One-year prior prison term enhancement (Pen. Code, § 667.5, subd. (b)) should not be stricken despite fact the underlying felony was later reduced to a misdemeanor pursuant to Proposition 47. In 2013, Williams pleaded guilty to grand theft (greater than $950) and admitted a prior strike and two prior prison terms: one for burglary and another for petty theft with a prior. After Proposition 47 passed, the court granted Williams’s petition to reduce his petty theft with a prior conviction from a felony to a misdemeanor. Thereafter, Williams filed a motion for resentencing in the grand theft case arguing that the one-year prior prison term enhancement for her petty theft with a prior conviction should be stricken. The court denied her motion. She appealed. Held: Affirmed. Proposition 47 provides two mechanisms for retroactive relief: one providing recall and resentencing for individuals who are currently serving a felony sentence for an offense that is now a misdemeanor under Proposition 47, and another providing “redesignation” of a felony to a misdemeanor for individuals who have completed their sentence. Proposition 47, however, does not contain a procedure for striking a prior prison term enhancement if the felony underlying the enhancement has subsequently been reduced to a misdemeanor. Proposition 47 expressly provides that the two mechanisms are meant to be exhaustive and not illustrative: “Nothing in this and related sections is intended to diminish or abrogate the finality of judgments in any case not falling within the purview of this act.” (Pen. Code, § 1170.18, subd. (n).) The trial court properly denied Williams’ motion for resentencing.
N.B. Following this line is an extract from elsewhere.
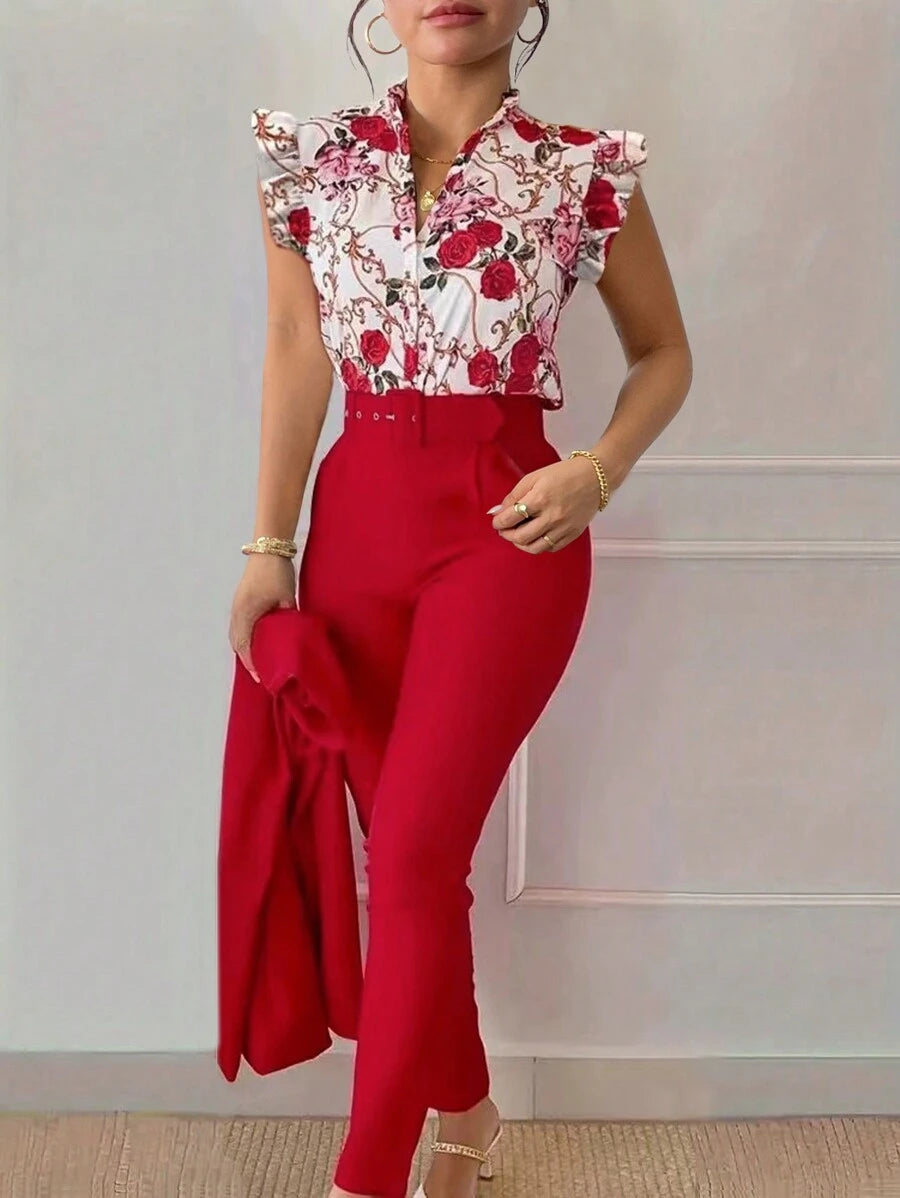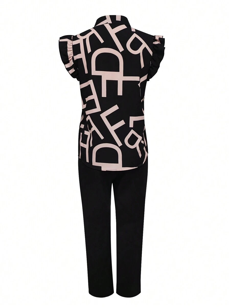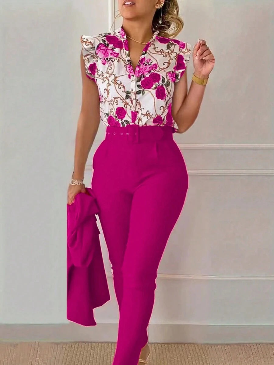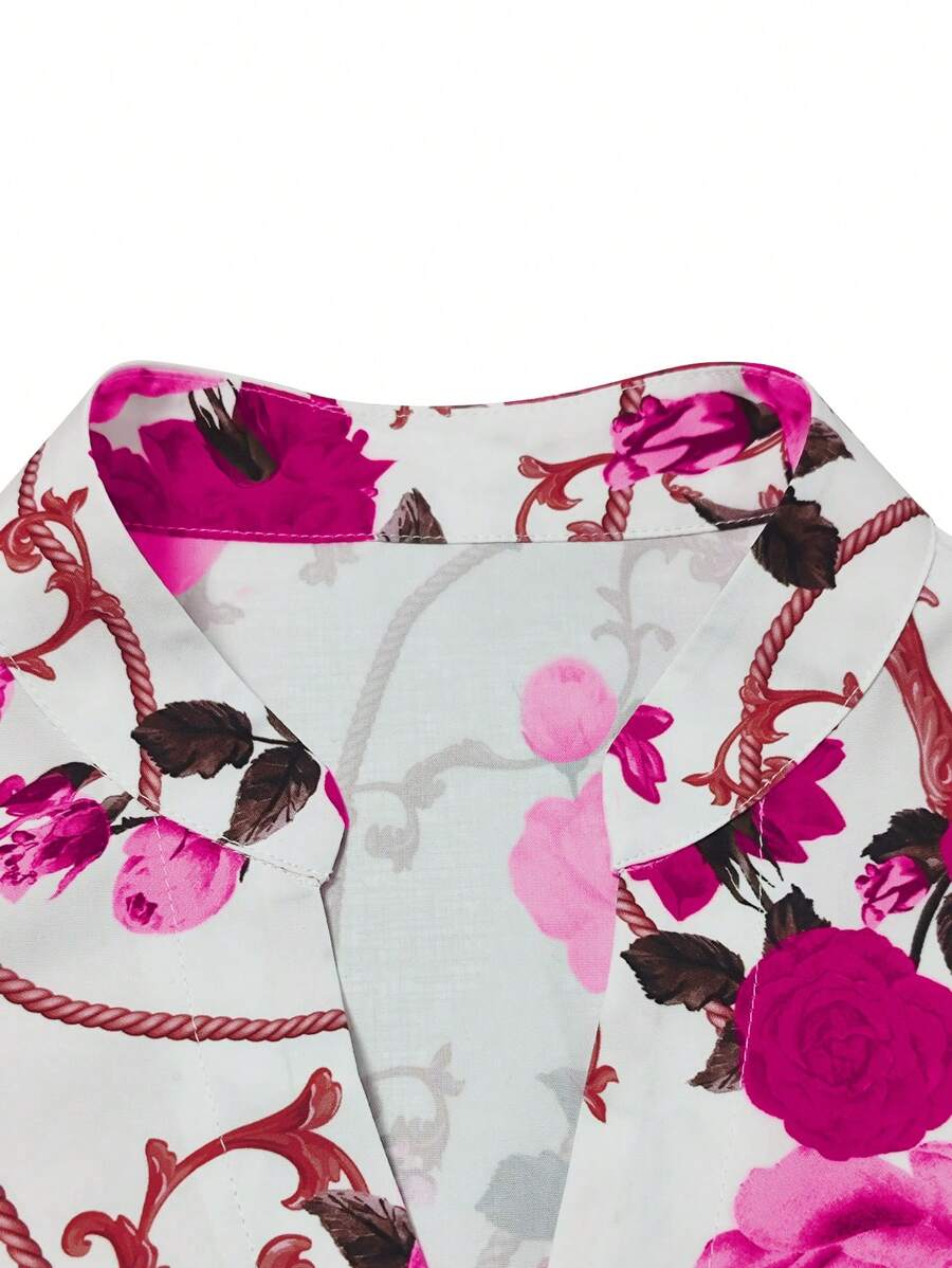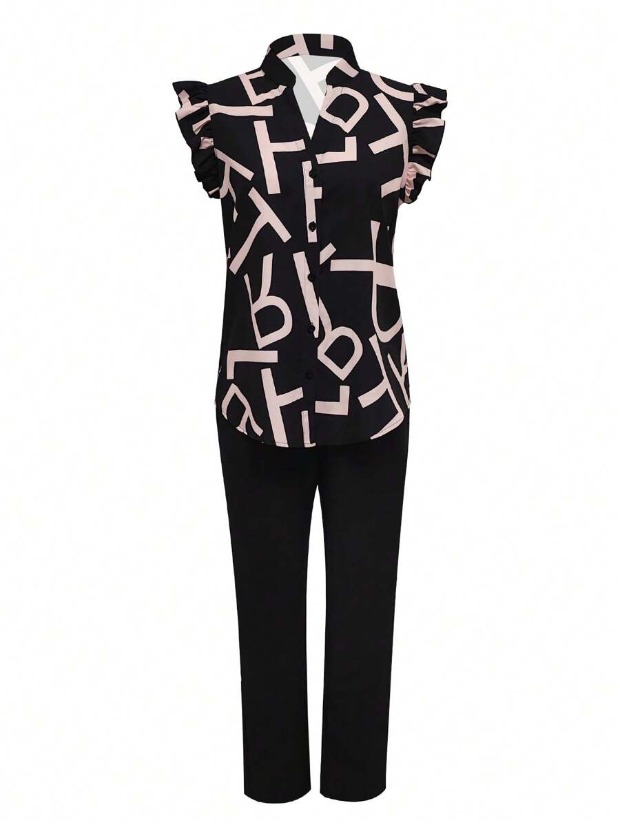 Xyvia conjunto de 2 piezas de top y pantalones impresos, de estilo casual y con botones, para mujer

The “misdemeanor for all purposes” language in Proposition 47 should be interpreted the same way as the “misdemeanor for all purposes” language in Penal Code section 17, subdivision (b)—prospectively, not retroactively. Although Proposition 47 states that a felony reduced to a misdemeanor shall be a “misdemeanor for all purposes,” this does not grant an offense’s redesignation as a misdemeanor retroactive effect. The same language is used in section 17, subdivision (b) in discussing the effect of a judicial declaration that a wobbler offense is to be considered a misdemeanor. Courts have interpreted section 17’s language as making the offense a misdemeanor from that point forward, but not retroactively. Because “identical language appearing in separate statutory provisions should receive the same interpretation when the statutes cover the same or analogous subject matter” (People v. Cornett (2012) 53 Cal.4th 1261, 1269, fn. 6), and because Proposition 47 and section 17 both address the effect to be given the redesignation of a felony as a misdemeanor, a court is obligated to construe the “for all purposes” language in Proposition 47 to have the same meaning as the same language in section 17. The court rejected Williams’s argument that the discretionary nature of relief under section 17 distinguishes it from Proposition 47. The court also rejected Williams’s arguments that such a construction would thwart the voters’ intent and would be inconsistent with the exception to non-retroactivity set forth in In re Estrada (1965) 63 Cal.2d 740.

There is no equal protection violation in refusing to give retroactive effect to the reduction of a felony to a misdemeanor. Williams argued that refusing to give a Proposition 47 redesignation retroactive effect sets up two classes of defendants and treats them differently: (1) those sentenced now, who are able to avoid enhancements based on prior felony or wobbler convictions (because the redesignations they obtain on those prior convictions apply prospectively); and (2) those sentenced in the past, who are unable to avoid enhancements based on prior felony convictions (because the redesignations they obtain on those prior convictions do not apply retroactively). While this is true, “it is well settled that a reduction of sentences only prospectively from the date a new sentencing statute takes effect is not a denial of equal protection.” (People v. Floyd (2003) 31 Cal.4th 179, 188-189.)